O Rio Tapacurá é um afluente localizado na margem direita do Capibaribe. Ao chover muito, os rios transbordam e a água invade a cidade. Enchentes em consequência de chuvas fortes são um roteiro conhecido pelo Recife e foi por causa disso, inclusive, que se deu a construção da barragem de Tapacurá, em 1973. A obra foi uma das providências do governo para conter o problema da invasão de água na cidade.
Por que o recifense acreditou que Tapacurá havia estourado?
Mais do que contar o que houve no dia que ecoava pelos quatro cantos da cidade o alerta de “Tapacurá estourou!”, o jornalista Homero Fonseca se debruçou sobre a missão de interpretar o fato. Por uma perspectiva que analisou principalmente o comportamento social, ele observou que pessoas assustadas e traumatizadas com as cheias estavam suscetíveis a cair no boato em questão. A população do Recife, castigada e traumatizada por uma enchente no final de semana que antecedeu a segunda-feira do boato, era o alvo perfeito para cair na notícia falsa.

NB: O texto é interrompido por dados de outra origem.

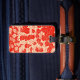 Marque à bagages personnalisable dans un imprimé kimono japonais vintage - un tout motif de feuilles stylisés, alternant espace positif et négatif, dans Mandarin orange / mandarine profonde classique et crème orange pastel

“Eu trabalhava na sucursal do Estadão, que ficava na Rua Gervásio Pires. Estávamos na redação, eu e meus companheiros de trabalho, discutindo sobre a cobertura da cheia do final de semana - o balanço de vítimas, prejuízo, essas coisas de pauta. Foi quando ouvimos um barulho grande na rua, uma gritaria enorme e nós descemos. Era gente pra burro, correndo com os olhos “abuticados”. Perguntei a uma mulher que passava correndo o que tinha acontecido e ela disse ‘Tapacurá estourou’. Pensei ‘Lascou!’. Nessa hora fiquei um pouco assustado, pensei em correr para Olinda, que era alto, quando Carlos Garcia, chefe da sucursal e mais experiente, disse ‘Epa! Calma aí gente!’ Vamos confirmar esse negócio’. Então assistimos um pouco a correria e fomos apurar o que estava acontecendo”, contou.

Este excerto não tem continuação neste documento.